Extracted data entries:

►

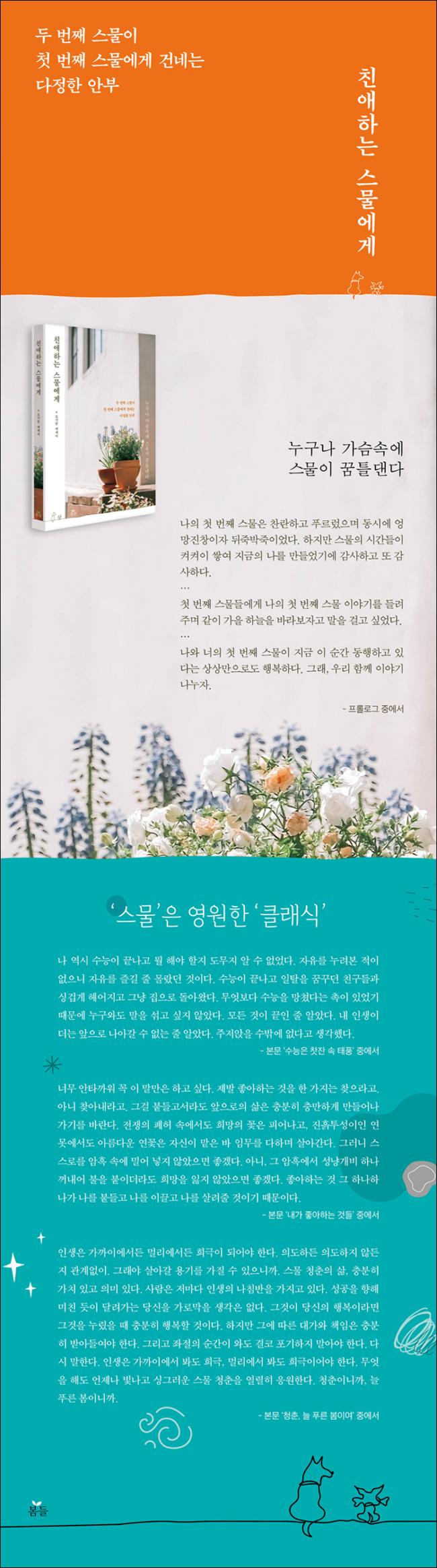 ³ªÀÇ Ã¹ ¹øÂ° ½º¹°Àº Âù¶õÇϰí Ǫ¸£·¶À¸¸ç µ¿½Ã¿¡ ¾û¸ÁÁøÃ¢ÀÌÀÚ µÚÁ×¹ÚÁ×À̾ú´Ù. ÇÏÁö¸¸ ½º¹°ÀÇ ½Ã°£µéÀÌ ÄÑÄÑÀÌ ½×¿© Áö±ÝÀÇ ³ª¸¦ ¸¸µé¾ú±â¿¡ °¨»çÇÏ°í ¶Ç °¨»çÇÏ´Ù. ù ¹øÂ° ½º¹°µé¿¡°Ô ³ªÀÇ Ã¹ ¹øÂ° ½º¹° À̾߱⸦ µé·ÁÁÖ¸ç °°ÀÌ °¡À» ÇÏ´ÃÀ» ¹Ù¶óº¸ÀÚ°í ¸»À» °É°í ½Í¾ú´Ù. ³ª¿Í ³ÊÀÇ Ã¹ ¹øÂ° ½º¹°ÀÌ Áö±Ý ÀÌ ¼ø°£ µ¿ÇàÇϰí ÀÖ´Ù´Â »ó»ó¸¸À¸·Îµµ ÇູÇÏ´Ù. ±×·¡, ¿ì¸® ÇÔ²² À̾߱⠳ª´©ÀÚ.
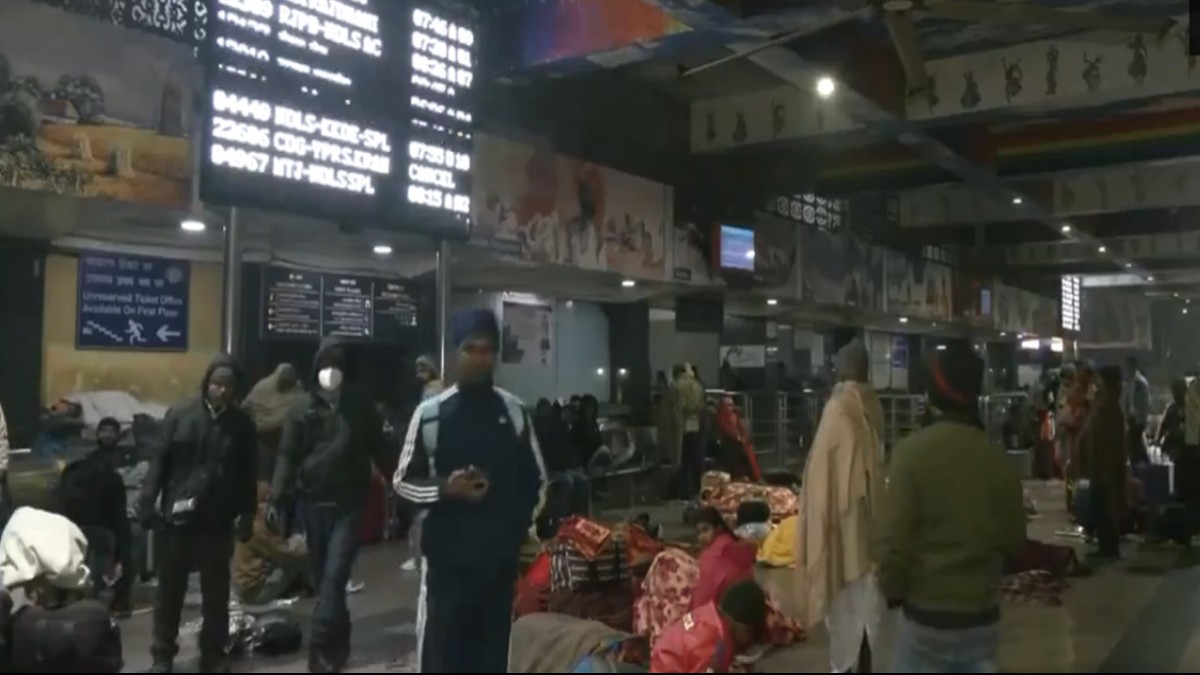 #WATCH | Delhi: Passengers at New Delhi Railway Station face difficulties as some trains are running off-schedule due to bad weather.
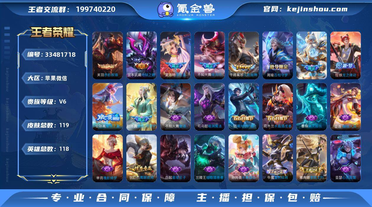 [18742189]V6 1典藏 1珍品传说 7传说 118英雄 119皮肤 可二次 可修改实名 男号 【英雄全皮】蒙恬全皮,蚩奼全皮,影全皮,大禹全皮 【稀有英雄】大司命,嬴政(始皇帝),韩信(韩跳跳),夏洛特(夏师傅),橘右京(橘子),娜可露露(鸟人),不知火舞,赵云,金蝉(唐僧),戈娅 【荣耀水晶】赤影疾锋 【珍品传说】时之奇旅-孙策 【传说皮】神骥·逐星野,地狱之眼,久胜战神,浮生妄 【珍宝阁皮】万物之道 【赛季/战令皮】噬灭天穹(s37),古海寻踪(s33),探海日志(s32),剑破天穹(s35),天穹祈灯(s34),云间偶戏 【史诗皮】海之女神,星界战将,器灵·浮梦炉,瑰影绮梦,糖绘人间,线条小狗-周瑜,九幽镇关,龙之律动,藏狐·褐绒,百相守梦-黄忠,百相守梦-周瑜,蒙恬荣光圣徽,魅语,偶像歌手,末日机甲-吕布,猫狗日记-孙策,节奏热浪,摇滚巨星,水果甜心,星夜王子,德古拉伯爵,暗隐猎兽者,幽灵船长,暗渊魔法,心灵战警,地狱岩魂,水晶猎龙者,曙光守护者,圣诞狂欢,圣诞恋歌,鹰眼统帅,魅力维加斯,黎明之约,无心 【限定皮】愿照·山河定(司空震年限),鸣野蒿,绯月行,蜜橘之夏 【普通皮】铁骨偃魂,谧流熔炉,魅影绮裳,劲辣红锅,雪境奇遇-西施,爆裂喵拳,景韶洛都,街头霸王,浪漫序章,程咬金群星魔术团,玫蓝誓约,苍林狼骑,虚灵犬护,鹤鸣...
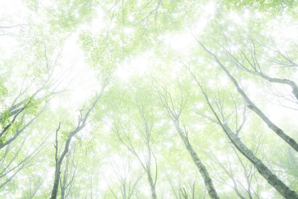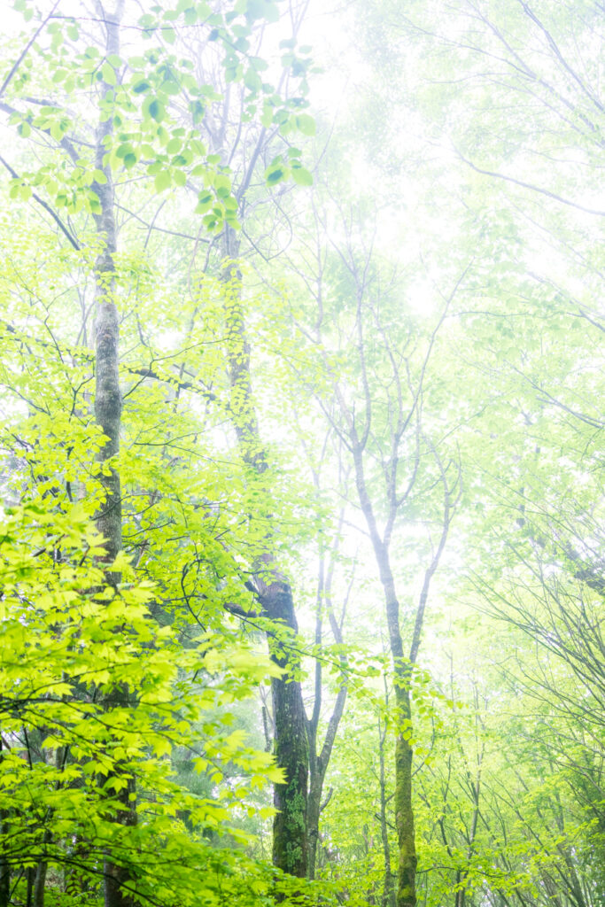 新緑と霧
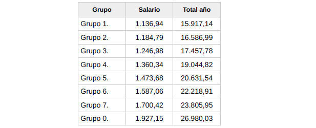 – Año 2024: Un aumento definitivo del salario base del 31-12-2023 del 4 % con efectos retroactivos al 01 de enero de 2024. Se adjuntan tablas.
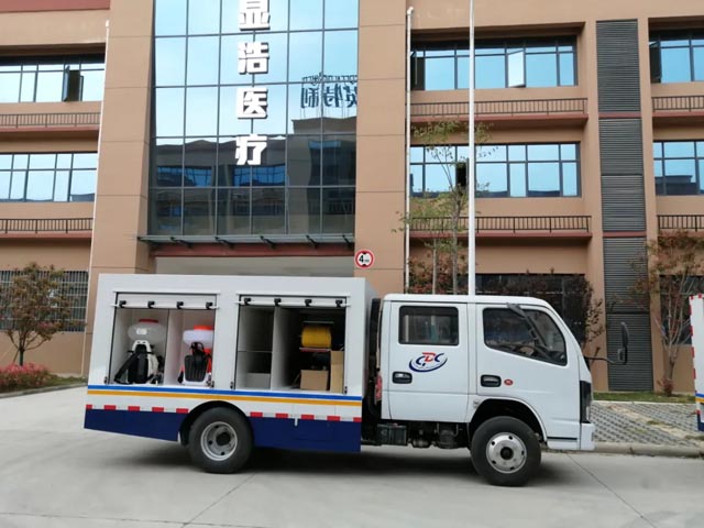 用于消殺室外環(huán)境的細菌,病毒,和蚊蠅等媒介昆蟲。車內(nèi)配置超低容量噴霧機、常量噴霧機等設(shè)備。可消毒處理面積:>500㎡可連續(xù)反復(fù)充裝;殺蟲處理面積:2500—100000㎡。
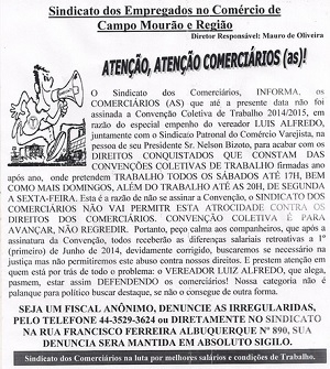 Em panfleto distribuído no comércio, Oliveira diz que o Sindicato Patronal e o vereador querem acabar com conquistas dos trabalhadores na convenção coletiva.
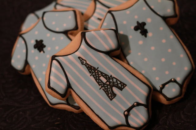 I know the name of my blog is Exquisite Cookies, but I've been making so many cakes lately! I am currently working on a few cookie designs, though, so we'll focus on cookies more my next post, promise! Cupcakes seem to be getting more and more popular for weddings, and I can see why - they're more affordable than a large cake, they are easier to serve, and they are very cute! The other thing that is nice, is you can have a few different designs and colors. You don't have to settle on one element, you can have 3 or more different elements! You can also add a small cake to the top tier to have the tradition of cutting the first slice of cake. These cupcakes were 3 different flavors, spice cake with almond buttercream, chocolate with chocolate buttercream, and red velvet with coconut cream buttercream.

◄

● The problem: Nothing but the exact text of the records should appear in your answer, with no pictures. Please write it out.

● Exercise result:
 ³ªÀÇ Ã¹ ¹øÂ° ½º¹°Àº Âù¶õÇϰí Ǫ¸£·¶À¸¸ç µ¿½Ã¿¡ ¾û¸ÁÁøÃ¢ÀÌÀÚ µÚÁ×¹ÚÁ×À̾ú´Ù. ÇÏÁö¸¸ ½º¹°ÀÇ ½Ã°£µéÀÌ ÄÑÄÑÀÌ ½×¿© Áö±ÝÀÇ ³ª¸¦ ¸¸µé¾ú±â¿¡ °¨»çÇÏ°í ¶Ç °¨»çÇÏ´Ù. ù ¹øÂ° ½º¹°µé¿¡°Ô ³ªÀÇ Ã¹ ¹øÂ° ½º¹° À̾߱⸦ µé·ÁÁÖ¸ç °°ÀÌ °¡À» ÇÏ´ÃÀ» ¹Ù¶óº¸ÀÚ°í ¸»À» °É°í ½Í¾ú´Ù. ³ª¿Í ³ÊÀÇ Ã¹ ¹øÂ° ½º¹°ÀÌ Áö±Ý ÀÌ ¼ø°£ µ¿ÇàÇϰí ÀÖ´Ù´Â »ó»ó¸¸À¸·Îµµ ÇູÇÏ´Ù. ±×·¡, ¿ì¸® ÇÔ²² À̾߱⠳ª´©ÀÚ.
 #WATCH | Delhi: Passengers at New Delhi Railway Station face difficulties as some trains are running off-schedule due to bad weather.
 [18742189]V6 1典藏 1珍品传说 7传说 118英雄 119皮肤 可二次 可修改实名 男号 【英雄全皮】蒙恬全皮,蚩奼全皮,影全皮,大禹全皮 【稀有英雄】大司命,嬴政(始皇帝),韩信(韩跳跳),夏洛特(夏师傅),橘右京(橘子),娜可露露(鸟人),不知火舞,赵云,金蝉(唐僧),戈娅 【荣耀水晶】赤影疾锋 【珍品传说】时之奇旅-孙策 【传说皮】神骥·逐星野,地狱之眼,久胜战神,浮生妄 【珍宝阁皮】万物之道 【赛季/战令皮】噬灭天穹(s37),古海寻踪(s33),探海日志(s32),剑破天穹(s35),天穹祈灯(s34),云间偶戏 【史诗皮】海之女神,星界战将,器灵·浮梦炉,瑰影绮梦,糖绘人间,线条小狗-周瑜,九幽镇关,龙之律动,藏狐·褐绒,百相守梦-黄忠,百相守梦-周瑜,蒙恬荣光圣徽,魅语,偶像歌手,末日机甲-吕布,猫狗日记-孙策,节奏热浪,摇滚巨星,水果甜心,星夜王子,德古拉伯爵,暗隐猎兽者,幽灵船长,暗渊魔法,心灵战警,地狱岩魂,水晶猎龙者,曙光守护者,圣诞狂欢,圣诞恋歌,鹰眼统帅,魅力维加斯,黎明之约,无心 【限定皮】愿照·山河定(司空震年限),鸣野蒿,绯月行,蜜橘之夏 【普通皮】铁骨偃魂,谧流熔炉,魅影绮裳,劲辣红锅,雪境奇遇-西施,爆裂喵拳,景韶洛都,街头霸王,浪漫序章,程咬金群星魔术团,玫蓝誓约,苍林狼骑,虚灵犬护,鹤鸣...
 新緑と霧
 – Año 2024: Un aumento definitivo del salario base del 31-12-2023 del 4 % con efectos retroactivos al 01 de enero de 2024. Se adjuntan tablas.
 用于消殺室外環(huán)境的細菌,病毒,和蚊蠅等媒介昆蟲。車內(nèi)配置超低容量噴霧機、常量噴霧機等設(shè)備。可消毒處理面積:>500㎡可連續(xù)反復(fù)充裝;殺蟲處理面積:2500—100000㎡。
 Em panfleto distribuído no comércio, Oliveira diz que o Sindicato Patronal e o vereador querem acabar com conquistas dos trabalhadores na convenção coletiva.
 I know the name of my blog is Exquisite Cookies, but I've been making so many cakes lately! I am currently working on a few cookie designs, though, so we'll focus on cookies more my next post, promise! Cupcakes seem to be getting more and more popular for weddings, and I can see why - they're more affordable than a large cake, they are easier to serve, and they are very cute! The other thing that is nice, is you can have a few different designs and colors. You don't have to settle on one element, you can have 3 or more different elements! You can also add a small cake to the top tier to have the tradition of cutting the first slice of cake. These cupcakes were 3 different flavors, spice cake with almond buttercream, chocolate with chocolate buttercream, and red velvet with coconut cream buttercream.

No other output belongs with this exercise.